Гонтрану не надо было повторять. Он исчез, давая себе клятву покончить с де Баром, если только с ним уже не покончили.
Принцесса вернулась к отцу. Уверясь в преданности своего шталмейстера, она спешила рассеять дурное впечатление, которое ее недоброжелатели произвели на отца, но при входе в его кабинет она вдруг остановилась, ошеломленная неожиданностью: напротив Гастона сидели еще две особы, замолчавшие при ее появлении.
Она увидела коадъютора и королеву-мать!
Самое неприятное ощущение, почти отвращение внушил ей вид кардинала Гонди, маленького, коренастого, близорукого, черномазого человека. Тут невольно припомнились ей слова Бофора: «Паук начал ткать новую паутину!»
– Войдите, войдите, моя крошка, – сказала королева с пленительной улыбкой.
Гонди, хотя и близорукий, не терял из вида выражение лица молодой принцессы. Верный привычкам вежливого внимания, он с живостью бросился к двери, подхватил Луизу под руку и привлек ее к столу, за которым заседало маленькое собрание.
«Чего они от меня хотят?» – спрашивали ее глаза, зорко переходя от одного к другому.
– Дочь моя, – сказала королева, – ваш отец ручается за покорность своей дочери. Господин коадъютор уверяет меня в том же, и потому мы рассчитываем на ваше содействие для выполнения задуманного
– Ваше величество, – начала было принцесса, сообразив, что Гонди заменил Мазарини.
– Ваш отец, – прервала королева, – вероятно, передал вам волю короля и мое решение.
– Точно так, ваше величество.
– И вы убедились в необходимости вступить в борьбу с принцем Кондэ, который окончательно поднял знамя бунта в Бордо, вопреки всем законам чести.
– Принц Кондэ – враг кардинала Мазарини.
– Принц Кондэ хочет сам сделаться королем Франции и рассчитывает на поддержку герцога Орлеанского, чтобы низложить с престола Людовика Четырнадцатого. Отразить этот удар можно…
Высокомерная испанка не могла продолжать; мысль, что она зависит от Гастона, которого не уважала, и от дочери его, которую не очень любила, возмущала ее.
– …Можно женитьбой короля на вас, – докончила она, оправившись.
– Действительно так, – сказал Гонди, – вот и контракт готов.

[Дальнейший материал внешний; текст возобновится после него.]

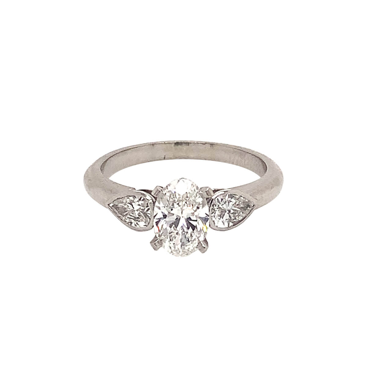 An oval and pear shaped diamond trilogy ring set in platinum.

Посмотрите, он уже подписан ее величеством и его высочеством, вашим отцом. Я заранее приложил и мою подпись, уверенный, что мне достанется счастье благословить ваш брак в церкви Богоматери.

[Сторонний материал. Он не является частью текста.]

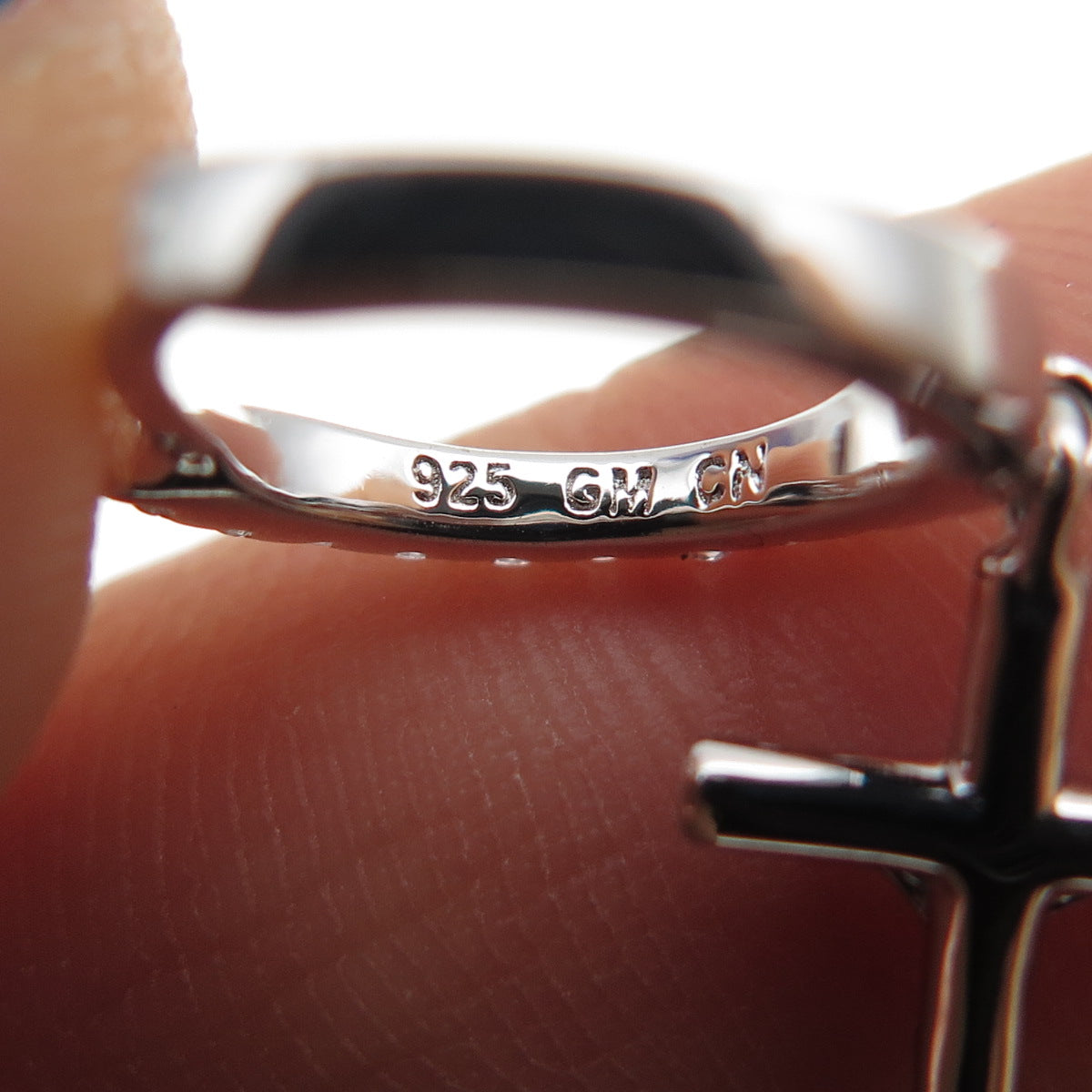 925 Sterling Silver Round-Cut C Z Crucifix Cross Dangle Hoop Earrings

– Подпиши, дочь моя, – сказал Гастон, не поднимая на нее глаз.
Молодая принцесса взяла бумагу, спокойно прочитала ее с начала до конца и, прочитав, положила на стол.
– Пускай король прежде подпишет, – сказала она решительно.

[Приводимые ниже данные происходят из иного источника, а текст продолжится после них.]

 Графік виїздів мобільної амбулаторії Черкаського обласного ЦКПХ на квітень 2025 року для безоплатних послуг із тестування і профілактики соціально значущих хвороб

– Что такое?… – воскликнули в один голос присутствующие.
– Луиза! – произнес Гастон умоляющим голосом.
– Не сомневается ли она в нашем королевском слове? – спросила Анна Австрийская со свойственным ей высокомерием.
– Король как совершеннолетний может сам знать, чего он хочет. Я подпишусь только после него.
– Да она с ума сошла! – повторял Гастон, с ужасом глядя на дочь. Он представлял себе все гонения, которые обрушат на него разгневанная королева и ее соединившиеся теперь союзники, оба кардинала.
– С ума сошла! – сказал коадъютор, покачивая головой с видом сострадания к бедной Луизе.
– Ну, подпишите же, – сказала королева, протягивая ей перо.
– После короля подпишу, – отвечала Луиза невозмутимо.
Анна Австрийская схватила ее за руку и потащила к столу с такой яростью, что Гастон побледнел от испуга.
– Подписывай, безумная, или я отправлю тебя в Бастилию! – сказала королева.
– Осторожнее, ваше величество, мне больно, – тихо сказала принцесса, высвобождая свою руку, на которой остались следы пожатия деспотичной испанки.
– Да, она точно с ума сошла! Ее надо на цепь посадить! – кричала Анна, поспешно выходя из комнаты. – Тут ничего не сделаешь. Несчастная! Она совсем лишилась рассудка!
Гастон поспешил за королевой, уверяя ее в своей преданности, чем думал смягчить гнев против непокорной дочери.